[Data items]

=== Section Start ===

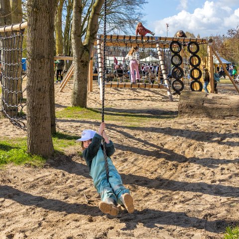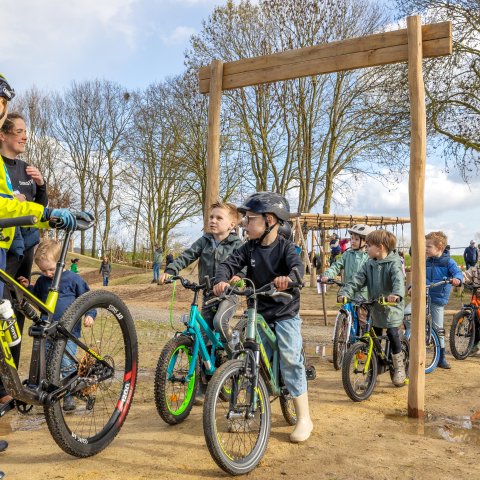 Burgemeester Joerie Minses en wethouder Vincent Arts stonden in hun openingstoespraak uiteraard stil bij de belangrijke inbreng die de kinderen bij de totstandkoming van het speelbos hebben gehad. Aansluitend werden de nieuw ontworpen vlaggen onthuld en was het tijd voor veel feestelijke en sportieve activiteiten en diverse clinics, zoals een fietsclinic door fietstalent Lotte Koopmans.
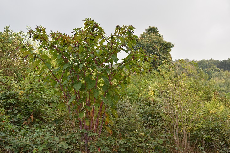 La pagina 441. Nella descrizione il solo riferimento alle foglie. Linneo la colloca fra le piante con dieci stami e dieci pistilli.Fenologia: tutte le cose interessanti per questa pianta succedono da Luglio in poi.Areale di origine (native range). La pianta si è diffusa in tutto il mondo e dai giardini è scappata. Ritenuta infestante è oggetto di monitoraggi severi (forse un po’ esagerati).
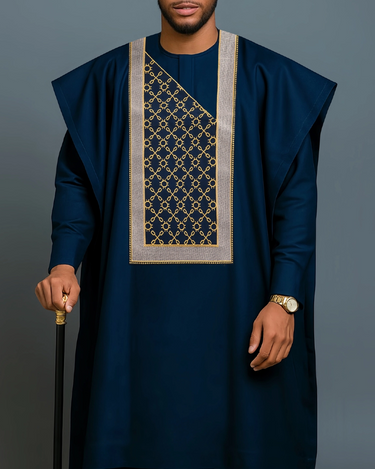 Step into timeless elegance with this striking three-piece agbada set, where traditional craftsmanship meets modern flair. The flowing silhouette offers comfort without compromising on style, while the coordinated ensemble takes the guesswork out of dressing sharp. Whether you're honoring heritage or turning heads at your next event, this set delivers authentic African fashion with personality to spare.
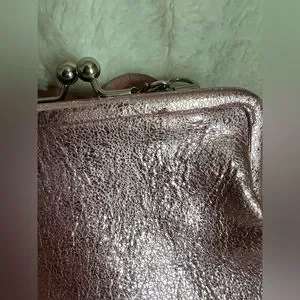Brighton Crossbody Purse Rosalie Flower Rose Metallic Pink Leather
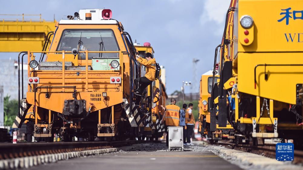 7月21日,國鐵南寧局沿海鐵路公司欽州工務段工人在進行維修工作。
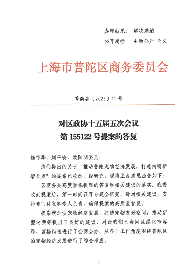 提案就加快宠物经济发展,打造宠物友好空间,推动新型消费等提出了良好的建议,对此我们已会同区绿化市容局、曹杨街道进行了会商会办,从各自工作角度围绕普陀区的宠物经济发展进行了综合考虑。
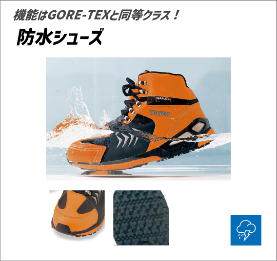 世界最高水準の防水透湿素材ディアプレックスを使用。高さ4cm防水に加え、耐滑ソールや鋼製先芯、反射材も備えた安心の防水セーフティシューズ。
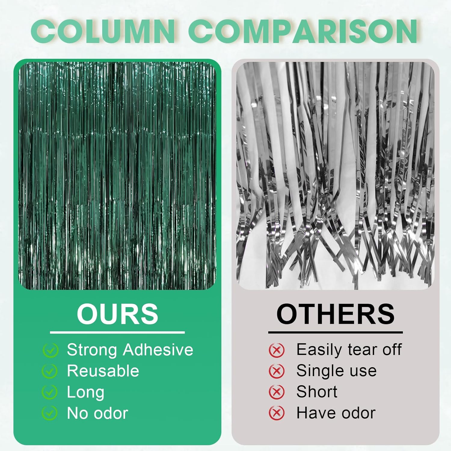 • Package Included: 3 packs of green foil fringe curtains, the size of the foil curtain is 3.3*8.2ft. It's long enough to fit any occasion

=== Section End ===

(What you need to do): Would you output only the span of the records above that opens with the line containing "Step into timeless" and closes with the line containing "提案就加快宠物经济发展,打造", ends included and pictures dropped?

(Answer to the exercise):
 Step into timeless elegance with this striking three-piece agbada set, where traditional craftsmanship meets modern flair. The flowing silhouette offers comfort without compromising on style, while the coordinated ensemble takes the guesswork out of dressing sharp. Whether you're honoring heritage or turning heads at your next event, this set delivers authentic African fashion with personality to spare.
Brighton Crossbody Purse Rosalie Flower Rose Metallic Pink Leather
 7月21日,國鐵南寧局沿海鐵路公司欽州工務段工人在進行維修工作。
 提案就加快宠物经济发展,打造宠物友好空间,推动新型消费等提出了良好的建议,对此我们已会同区绿化市容局、曹杨街道进行了会商会办,从各自工作角度围绕普陀区的宠物经济发展进行了综合考虑。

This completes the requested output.